Work request: Print the lines below from the line with "La génération Y" to the line with "Global Logo Design" exactly, keeping both ends, and print no pictures.

====

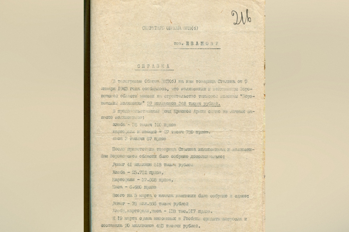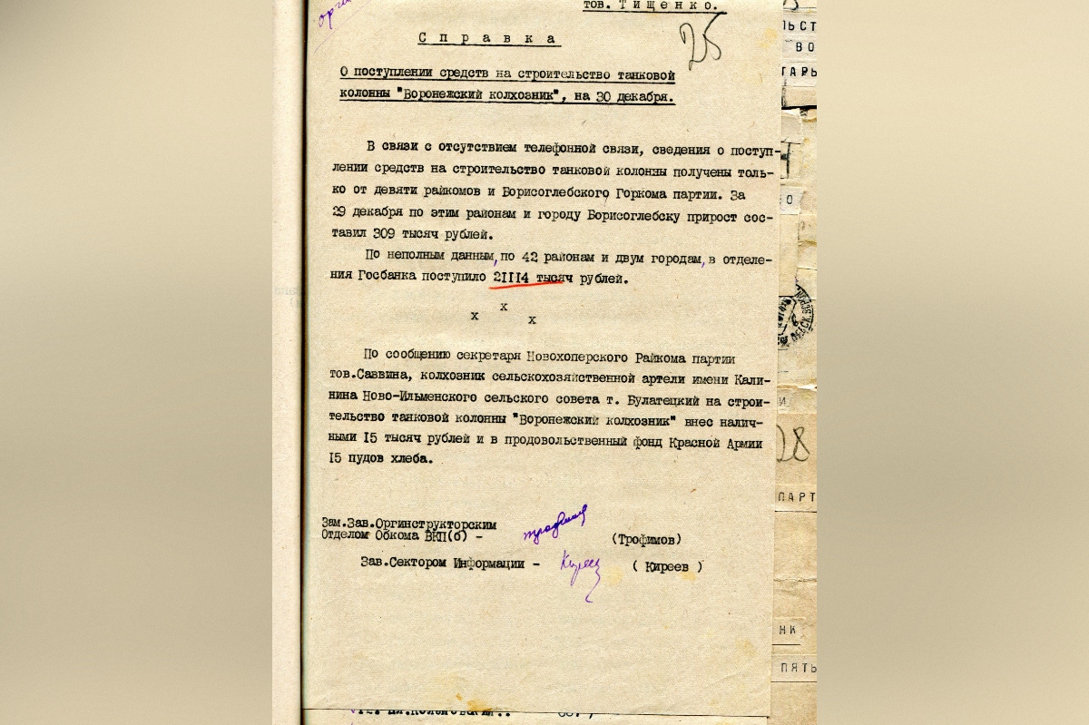 Докладная записка от 12 декабря 1942 года: «Секретарю обкома ВКП (б) тов. Тищенко. Информация о сборе средств на строительство танковой колонны «Воронежский колхозник».
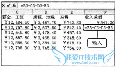 用同样的方法应用“房租”和“杂费”选项,完成后的公式为“=现金收入-薪金、工资-房租-杂费”。
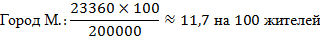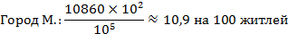 Возраст от 15 до 49 лет: Город Н.: 100 – 6 100000 – х х=6000 Город М.: 100 – 6, 4 100000 – х х=6400
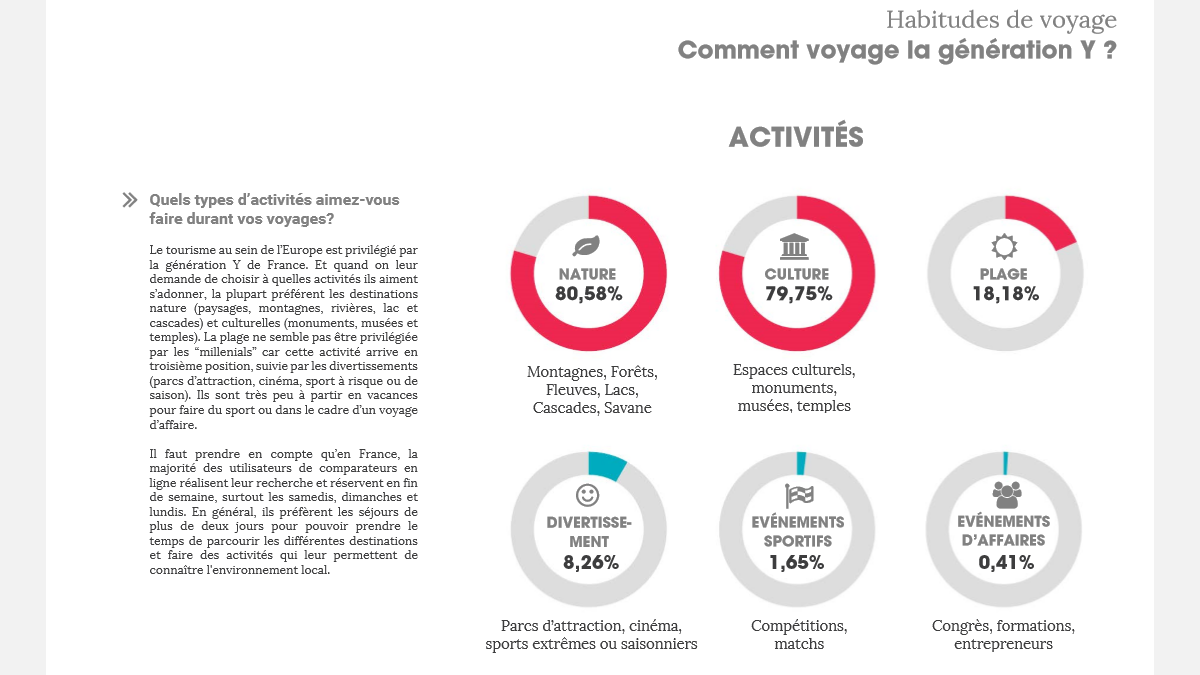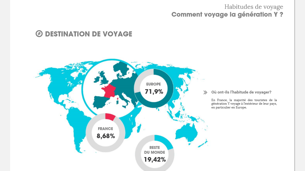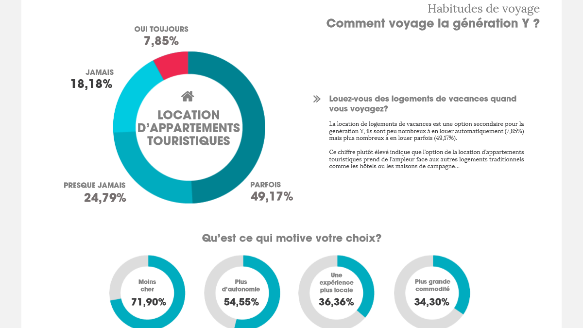 La génération Y marque une nette différence par rapport aux générations antérieures due, en partie, à la révolution technologique dans laquelle ils ont grandi. Ils ont de nouvelles habitudes de voyage et des intérêts très différents. Au moment de choisir un logement pour leurs vacances, les éléments qu'ils prennent en compte sont le prix, la localisation et l'environnement.
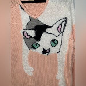 Rare Wildfox White Label Peach Oversized Joan the Cat Sweater Size XS
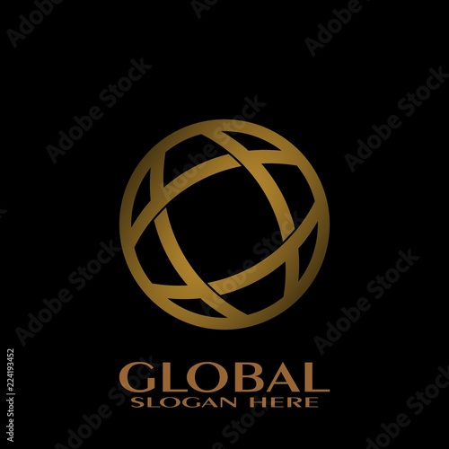 Global Logo Design Gold Isolated On Black Background Buy This
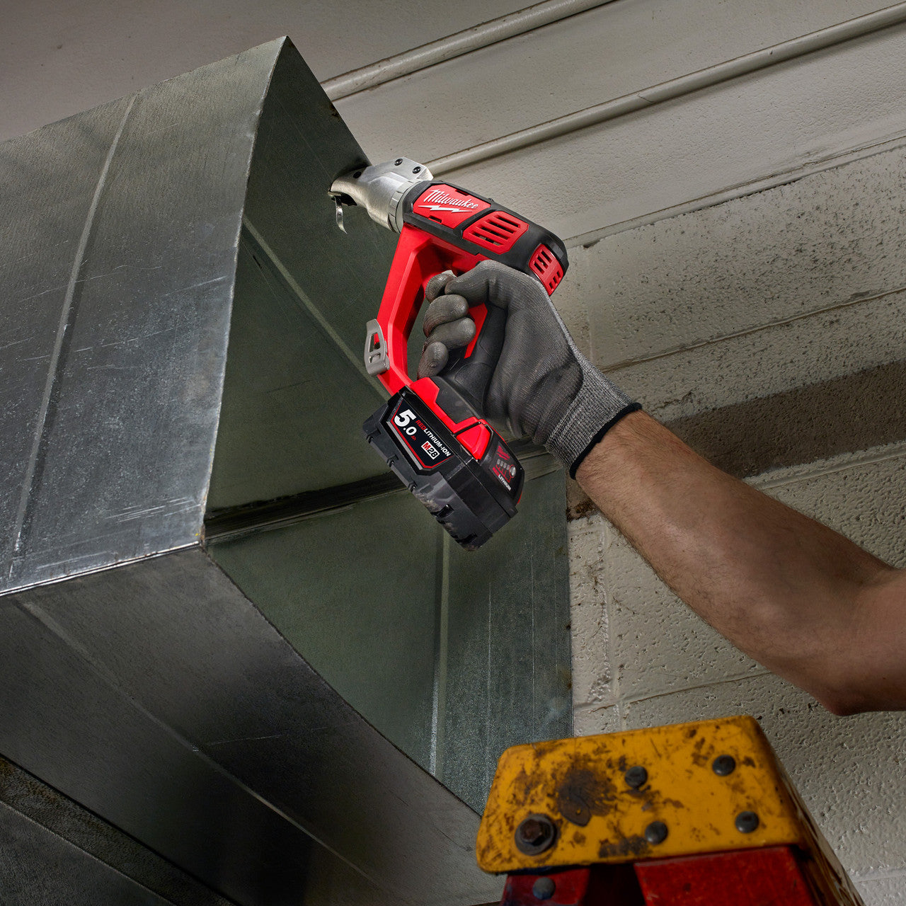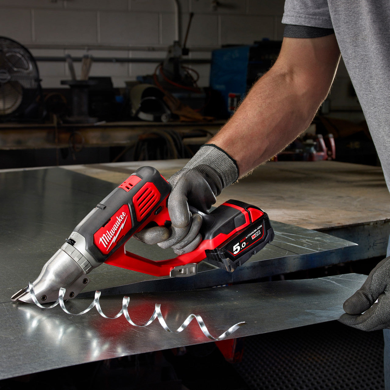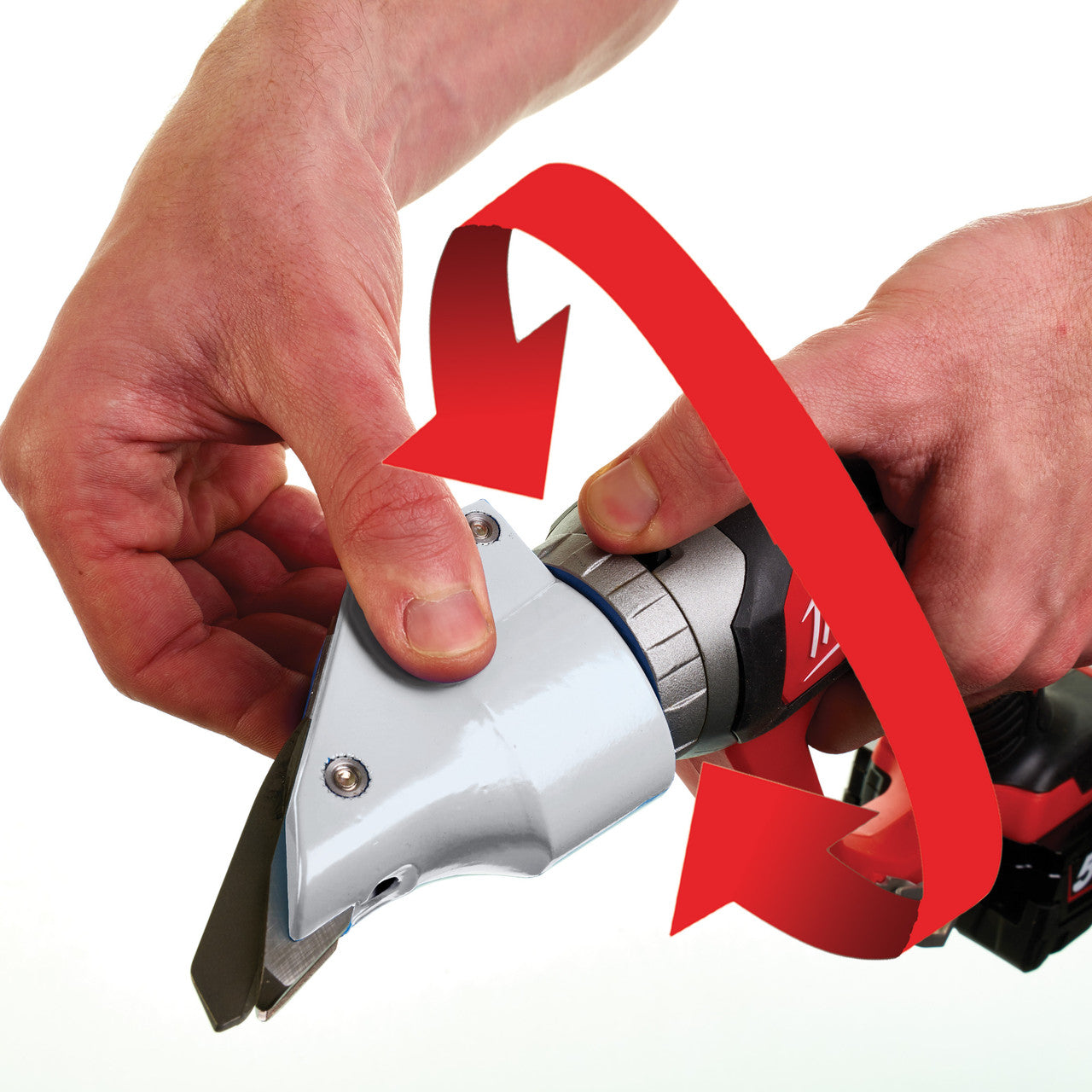 The Milwaukee M18 BMS12-0 is a Body Only 18V Brushed Metal Shear giving accurate cuts with a maximum cutting depth of 2.0mm in steel. It has a unique 360° tool-free rotating head with 12 locking positions to access tight spaces and increase user comfort. A variable speed trigger provides extra control during cutting. Sold without a battery or charger in a cardboard box.
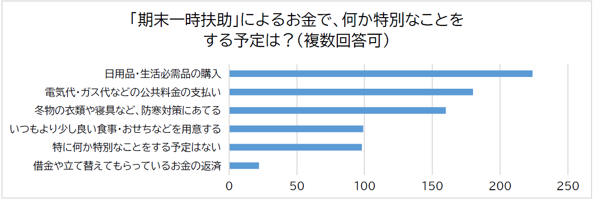 年末に支給される期末一時扶助については、「日用品・生活必需品」(44%)、「公共料金の支払い」(40%)、「防寒対策」(36%)が上位となり、生活維持に直結する用途が中心でした。「物価高で足りない」「特別なことには使えない」といった声も多く、年末の特別な出費より、日常生活を繋ぐために使われている実態が明確でした。
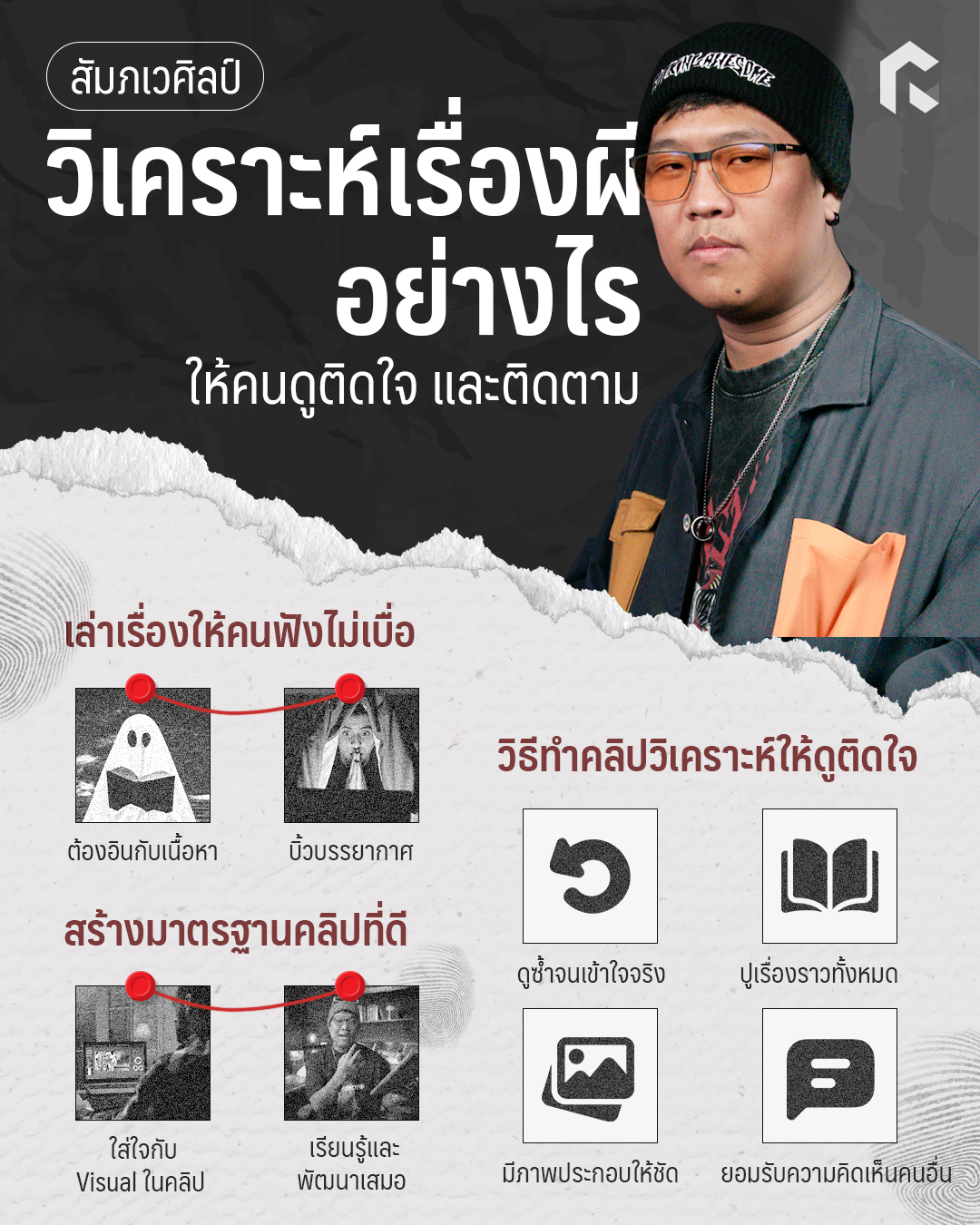 คอนเทนต์ของสัมภเวศิลป์ไม่เคยหยุดนิ่ง ย้อนไปที่จุดเริ่มต้นที่การเล่าเรื่องผี จนมาถึงการวิเคราะห์หนังเรื่องบอดี้ศพ 19 ซึ่งกลายเป็นจุดประกายสำคัญของคลิปแนววิเคราะห์ กระบวนการเหล่านี้ไม่ได้เกิดจากความบังเอิญ แต่มาจากการเก็บรวบรวมข้อมูลหลังบ้าน และหมั่นรับฟังความต้องการของผู้ติดตามอย่างต่อเนื่อง เพื่อนำมาสู่การพัฒนาคอนเทนต์ในทุกมิติ ทั้งด้านเนื้อหาและเทคนิคจนประสบความสำเร็จเป็นช่องสัมภเวศิลป์ที่ทุกคนเห็นดังทุกวันนี้
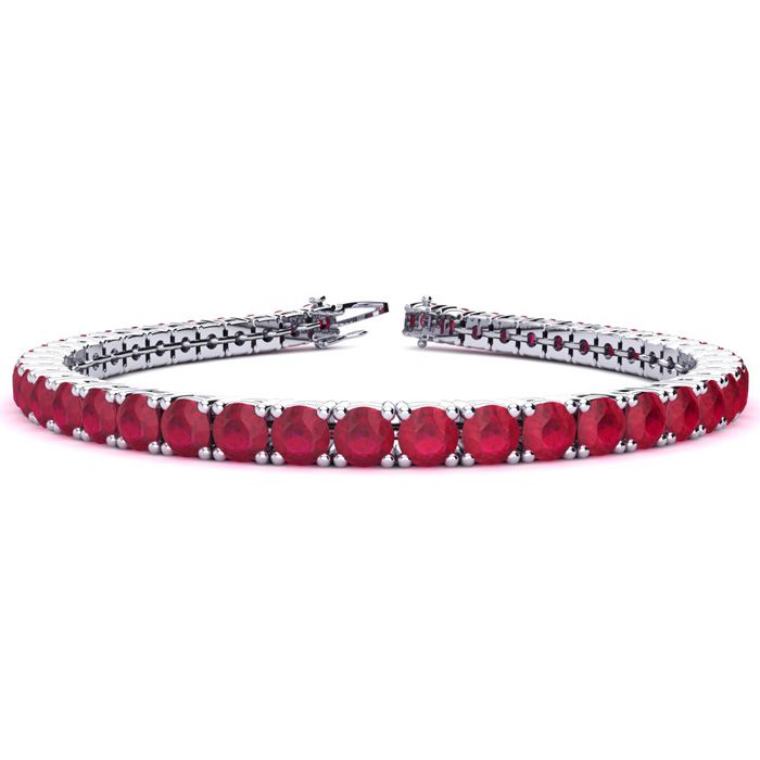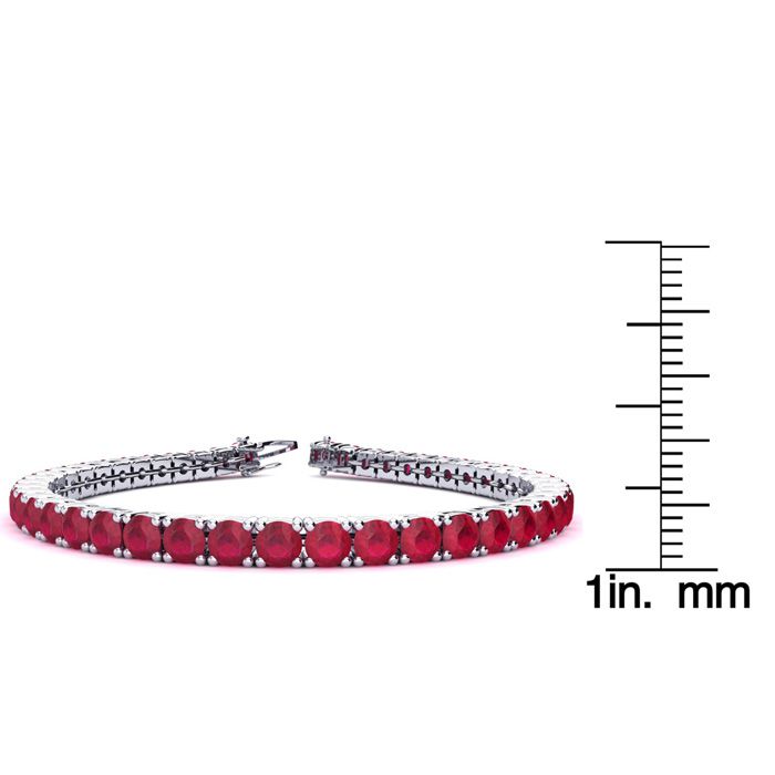 This classic ruby bracelet features shimmering ruby gemstones. The 6 inch bracelet contains 39 gemstones at 10.53 carats. The 6.5 inch bracelet contains 42 gemstones at 11.61 carats. The 7 inch bracelet contains 45 gemstones at 12.42 carats. The 7.5 inch bracelet contains 49 gemstones at 13.23 carats. The 8 inch bracelet contains 53 gemstones at 14.31 carats. The 8.5 inch bracelet contains 56 gemstones at 15.12 carats. The 9 inch bracelet contains 59 gemstones at 15.93 carats. This bracelet is approximately 3.8mm wide and is crafted in 14 karat white gold. This bracelet has a secure, box with tongue and safety clasp.

====

Your solution:
 La génération Y marque une nette différence par rapport aux générations antérieures due, en partie, à la révolution technologique dans laquelle ils ont grandi. Ils ont de nouvelles habitudes de voyage et des intérêts très différents. Au moment de choisir un logement pour leurs vacances, les éléments qu'ils prennent en compte sont le prix, la localisation et l'environnement.
 Rare Wildfox White Label Peach Oversized Joan the Cat Sweater Size XS
 Global Logo Design Gold Isolated On Black Background Buy This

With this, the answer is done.